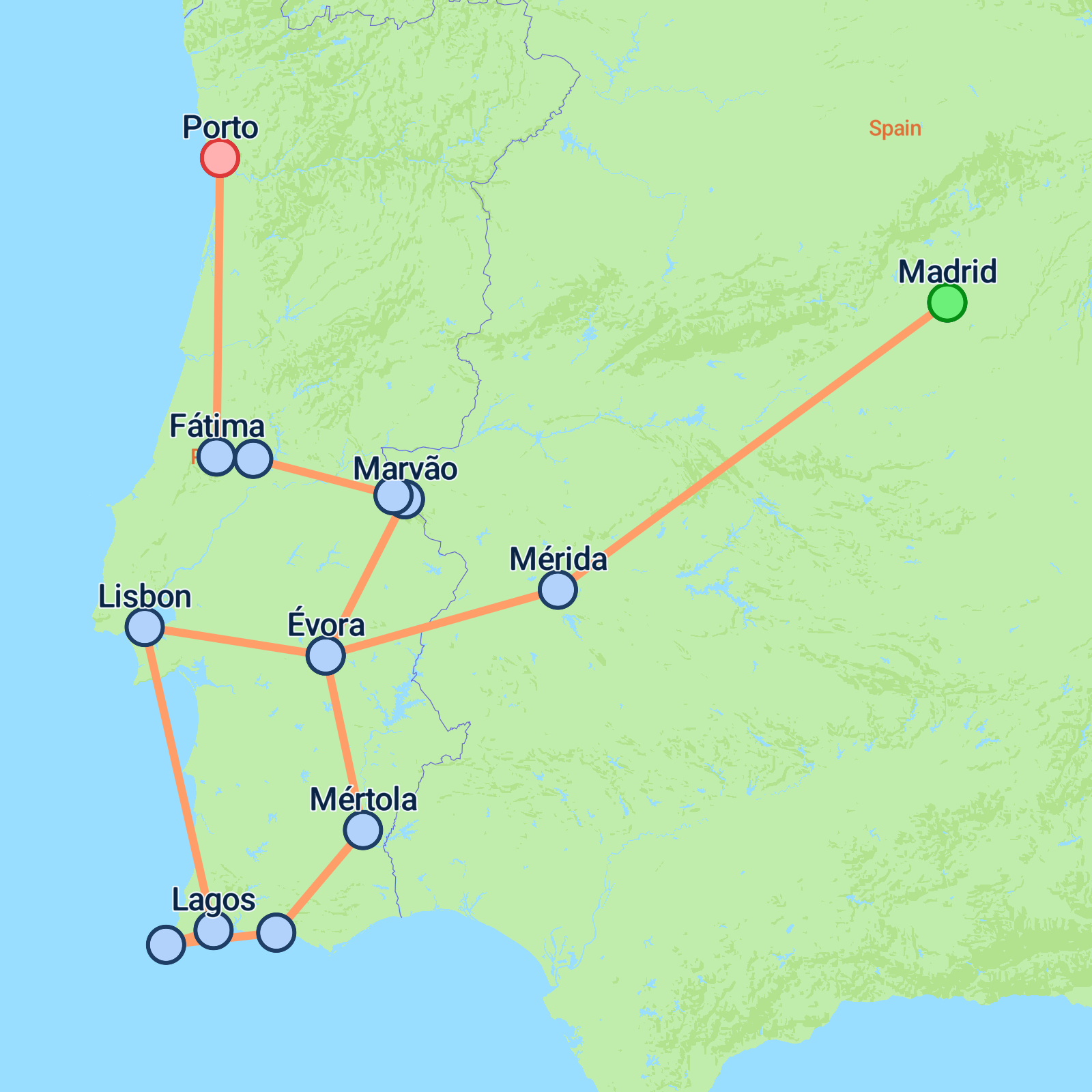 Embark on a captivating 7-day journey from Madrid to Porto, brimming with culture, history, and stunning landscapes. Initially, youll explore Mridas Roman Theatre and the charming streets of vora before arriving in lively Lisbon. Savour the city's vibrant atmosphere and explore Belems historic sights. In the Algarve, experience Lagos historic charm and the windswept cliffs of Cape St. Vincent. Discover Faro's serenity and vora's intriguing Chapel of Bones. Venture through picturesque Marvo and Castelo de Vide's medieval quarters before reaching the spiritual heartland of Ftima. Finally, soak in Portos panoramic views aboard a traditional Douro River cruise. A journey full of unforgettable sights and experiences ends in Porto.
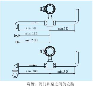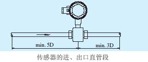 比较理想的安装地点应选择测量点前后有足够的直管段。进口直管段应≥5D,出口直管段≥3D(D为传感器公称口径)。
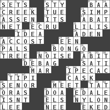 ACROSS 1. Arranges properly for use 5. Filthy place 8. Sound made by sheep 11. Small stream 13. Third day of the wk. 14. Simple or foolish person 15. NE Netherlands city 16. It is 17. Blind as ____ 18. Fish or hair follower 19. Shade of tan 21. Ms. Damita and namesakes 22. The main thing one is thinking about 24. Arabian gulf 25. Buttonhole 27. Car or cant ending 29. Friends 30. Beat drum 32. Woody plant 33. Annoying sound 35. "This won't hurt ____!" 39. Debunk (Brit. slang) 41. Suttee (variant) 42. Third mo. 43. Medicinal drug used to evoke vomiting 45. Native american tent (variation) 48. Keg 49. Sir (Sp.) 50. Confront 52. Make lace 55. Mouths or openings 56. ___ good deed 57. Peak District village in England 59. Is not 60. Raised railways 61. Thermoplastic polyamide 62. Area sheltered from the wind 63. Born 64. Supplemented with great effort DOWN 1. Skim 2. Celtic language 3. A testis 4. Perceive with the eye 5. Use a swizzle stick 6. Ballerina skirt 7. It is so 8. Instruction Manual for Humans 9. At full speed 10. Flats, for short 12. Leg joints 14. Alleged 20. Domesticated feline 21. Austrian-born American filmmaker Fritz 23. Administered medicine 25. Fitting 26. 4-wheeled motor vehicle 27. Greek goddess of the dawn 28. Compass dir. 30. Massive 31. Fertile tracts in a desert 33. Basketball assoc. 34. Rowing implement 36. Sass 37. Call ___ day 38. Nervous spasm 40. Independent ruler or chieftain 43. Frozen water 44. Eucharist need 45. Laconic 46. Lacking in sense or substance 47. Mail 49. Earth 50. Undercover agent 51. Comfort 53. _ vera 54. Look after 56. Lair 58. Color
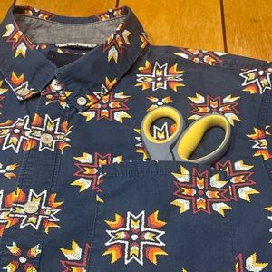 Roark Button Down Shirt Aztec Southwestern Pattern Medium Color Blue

○ ○ ○

## Directions
Please repeat the listing above word for word, with the pictures removed.

## Exercise answer
 Embark on a captivating 7-day journey from Madrid to Porto, brimming with culture, history, and stunning landscapes. Initially, youll explore Mridas Roman Theatre and the charming streets of vora before arriving in lively Lisbon. Savour the city's vibrant atmosphere and explore Belems historic sights. In the Algarve, experience Lagos historic charm and the windswept cliffs of Cape St. Vincent. Discover Faro's serenity and vora's intriguing Chapel of Bones. Venture through picturesque Marvo and Castelo de Vide's medieval quarters before reaching the spiritual heartland of Ftima. Finally, soak in Portos panoramic views aboard a traditional Douro River cruise. A journey full of unforgettable sights and experiences ends in Porto.
 比较理想的安装地点应选择测量点前后有足够的直管段。进口直管段应≥5D,出口直管段≥3D(D为传感器公称口径)。
 ACROSS 1. Arranges properly for use 5. Filthy place 8. Sound made by sheep 11. Small stream 13. Third day of the wk. 14. Simple or foolish person 15. NE Netherlands city 16. It is 17. Blind as ____ 18. Fish or hair follower 19. Shade of tan 21. Ms. Damita and namesakes 22. The main thing one is thinking about 24. Arabian gulf 25. Buttonhole 27. Car or cant ending 29. Friends 30. Beat drum 32. Woody plant 33. Annoying sound 35. "This won't hurt ____!" 39. Debunk (Brit. slang) 41. Suttee (variant) 42. Third mo. 43. Medicinal drug used to evoke vomiting 45. Native american tent (variation) 48. Keg 49. Sir (Sp.) 50. Confront 52. Make lace 55. Mouths or openings 56. ___ good deed 57. Peak District village in England 59. Is not 60. Raised railways 61. Thermoplastic polyamide 62. Area sheltered from the wind 63. Born 64. Supplemented with great effort DOWN 1. Skim 2. Celtic language 3. A testis 4. Perceive with the eye 5. Use a swizzle stick 6. Ballerina skirt 7. It is so 8. Instruction Manual for Humans 9. At full speed 10. Flats, for short 12. Leg joints 14. Alleged 20. Domesticated feline 21. Austrian-born American filmmaker Fritz 23. Administered medicine 25. Fitting 26. 4-wheeled motor vehicle 27. Greek goddess of the dawn 28. Compass dir. 30. Massive 31. Fertile tracts in a desert 33. Basketball assoc. 34. Rowing implement 36. Sass 37. Call ___ day 38. Nervous spasm 40. Independent ruler or chieftain 43. Frozen water 44. Eucharist need 45. Laconic 46. Lacking in sense or substance 47. Mail 49. Earth 50. Undercover agent 51. Comfort 53. _ vera 54. Look after 56. Lair 58. Color
 Roark Button Down Shirt Aztec Southwestern Pattern Medium Color Blue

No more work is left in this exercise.